# smoking a wet cured ham



## ioulord247 (Dec 14, 2013)

Well, I finally found my prague powder and bought a ham, this is a hind leg ham and not a picnic ham if that makes a difference or not. I prepared it and just now put it in the refrigerator in the cure, it weighs 12 1/2 lbs. I could use any *hints* on smoking it, *temp & time* to smoke. Also, any good *glazes* to use & how & when to apply them. this is going to be my 1st ham. I will use compressed coconut charcoal and a combo of guava and avocado wood for the smoking wood, my smoker is an ugly drum smoker.

 One more question, when my ham is smoked to temp, it is finished & ready to eat ?  Is there a rest time that makes it better ?

  By the way, this website rocks !


----------



## foamheart (Dec 14, 2013)

Here's what I did. Turned out pretty well. I was impressed, I guess that is all that matters. Hope something in it helps you, or at least helps put your mind to rest. I think we all are so used to solving problems that it causes us to continuously over think our cures and smokes.

You'll be fine, and if ya take notes the next one could maybe possibly even be better, its that's possible.

http://www.smokingmeatforums.com/t/149120/picnic-ham

Glazes I like disco's sweet glaze, but since I can't see where you live to make a regional suggestion, I'll just say this, you can use whatever is around you. Glazes are simple, get a jar of your favorite jelly heat it up, add a little butter and/or boozes you like. Cook it in Dr.Pepper is always a big hit.... Loads of ways, to make it yours, use what you like.

http://www.smokingmeatforums.com/t/146105/maple-glazed-pork-ribs-apologies-to-the-traditionalists

Just relax, and enjoy the journey, with low and slow its hard to make it taste bad.

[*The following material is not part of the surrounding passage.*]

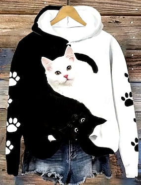 pulôver feminino casual gato diário casual moletom com capuz estampa manga comprida bege outono inverno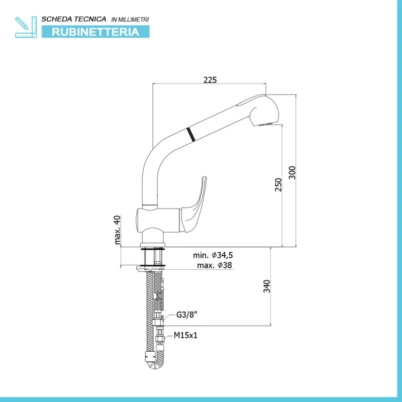 • Tipologia: miscelatore lavello con doccia estraibile e leva laterale;

Good luck and enjoy the smoke.


----------



## ioulord247 (Dec 14, 2013)

Some good suggestions there , thanks :) . I spent a lot of time in Fourchon,leeville,LaRose.....


----------



## foamheart (Dec 14, 2013)

ioulord247 said:


> I spent a lot of time in Fourchon,leeville,LaRose.....


Then I suggest either a Satsuma or Peach glaze. Satsuma glaze is over the top good. But peach or apricot is a close second.


----------



## ioulord247 (Dec 14, 2013)

Well, I have looked at ham glazes till my eyes are glazed 
	

	
	
		
		



		
			






,lol and decided I am going to do an orange cranberry glaze, I knew that was it as soon as I read it....sounds YUMMY !


----------



## ioulord247 (Dec 15, 2013)

Well, I still could use info on what temp && how long to smoke this ham, also when to put the glaze, thanks :)


----------



## foamheart (Dec 15, 2013)

Foamheart said:


> http://www.smokingmeatforums.com/t/149120/picnic-ham
> 
> http://www.smokingmeatforums.com/t/146105/maple-glazed-pork-ribs-apologies-to-the-traditionalists
> 
> Good luck and enjoy the smoke.


The first link goes into how I smoked my wet cured ham, it should answer your questions.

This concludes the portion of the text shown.